§ Recorded data
※ ※ ※

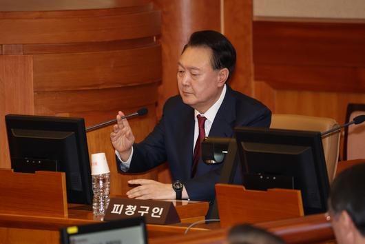 윤석열 대통령이 지난달 23일 서울 종로구 헌법재판소에서 열린 탄핵심판 4차 변론에 출석해 마이크를 조작하는 모습. [사진 출처 = 공동취재단, 연합뉴스] |
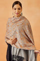 Grey and brown paisley embroidered woollen shawl has a tasselled border
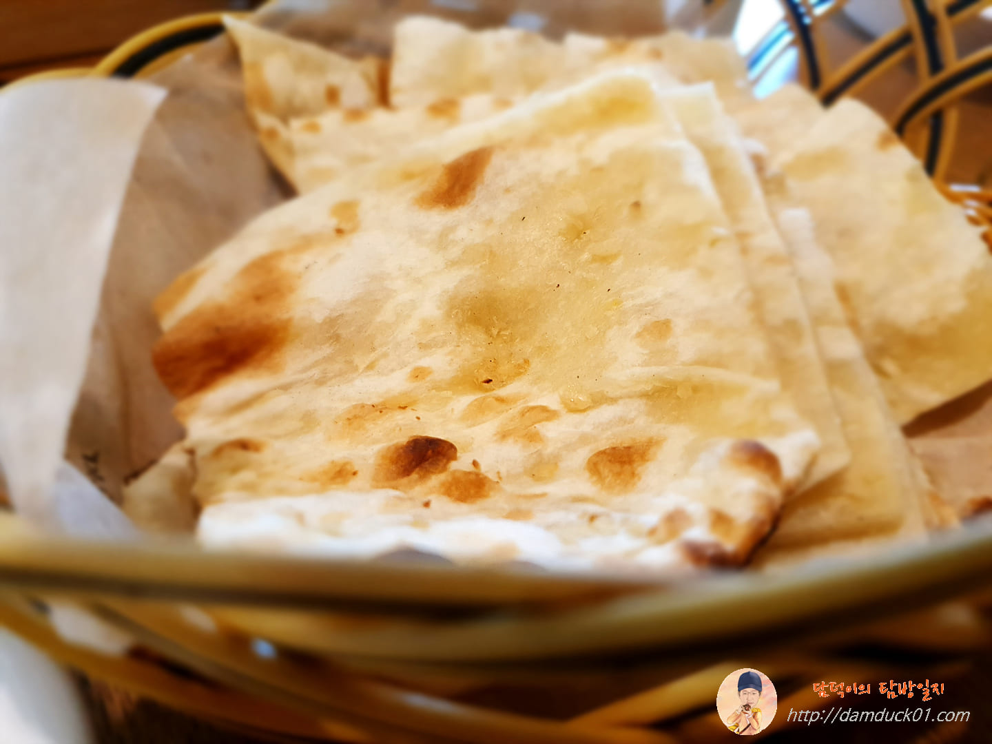 원래는 같은 난이 있어도 다 개별로 담아서 나왔는데 어제는 갈릭난 2개를 한 바구니에 담았네요.
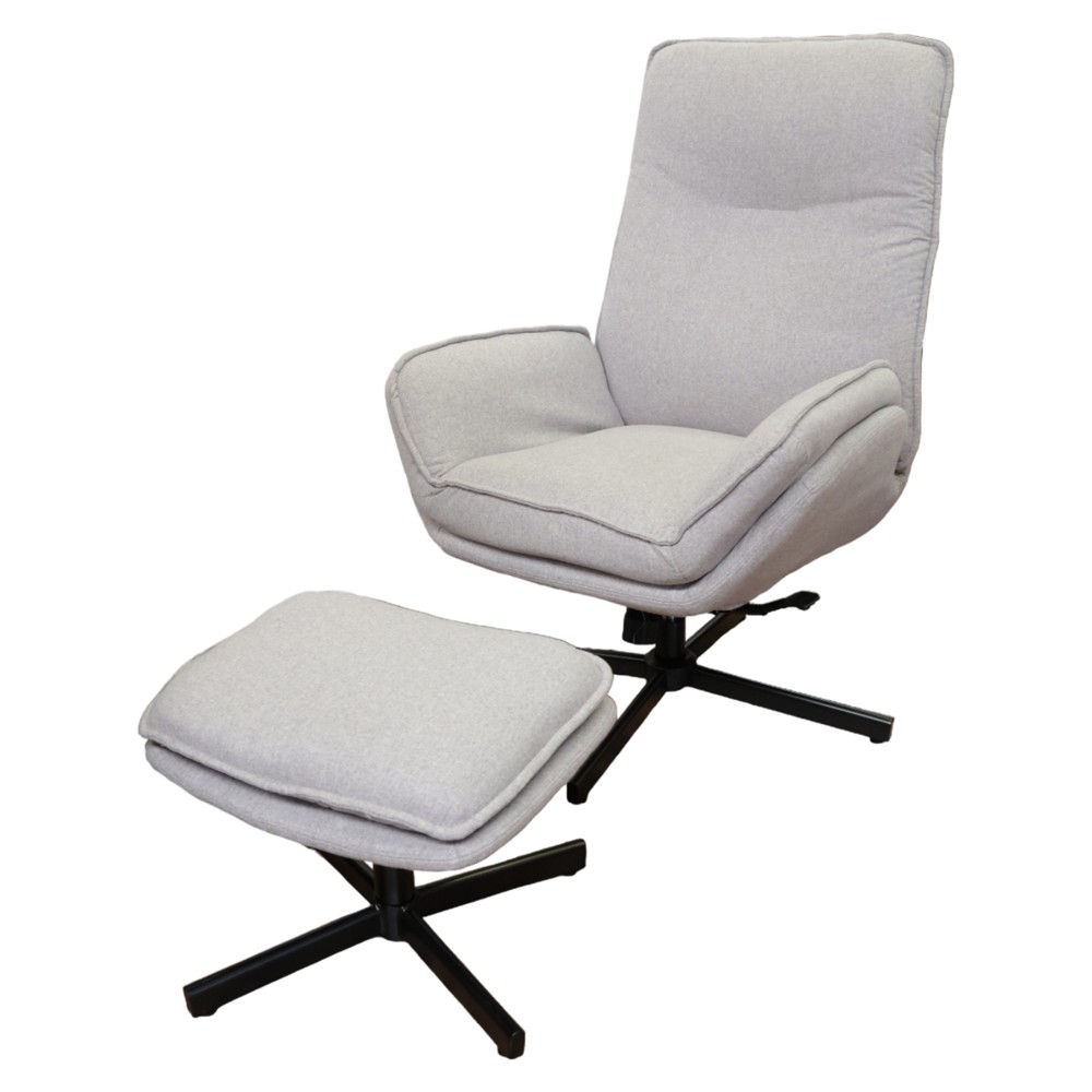 Leisure chair and pouffe, Vivi, textile upholstery, metal structure, light grey, 74x85xH104 cm

※ ※ ※

§ Exercise requirements
Line by line, reproduce the material above exactly, leaving each picture out.

§ Result
 윤석열 대통령이 지난달 23일 서울 종로구 헌법재판소에서 열린 탄핵심판 4차 변론에 출석해 마이크를 조작하는 모습. [사진 출처 = 공동취재단, 연합뉴스] |
 Grey and brown paisley embroidered woollen shawl has a tasselled border
 원래는 같은 난이 있어도 다 개별로 담아서 나왔는데 어제는 갈릭난 2개를 한 바구니에 담았네요.
 Leisure chair and pouffe, Vivi, textile upholstery, metal structure, light grey, 74x85xH104 cm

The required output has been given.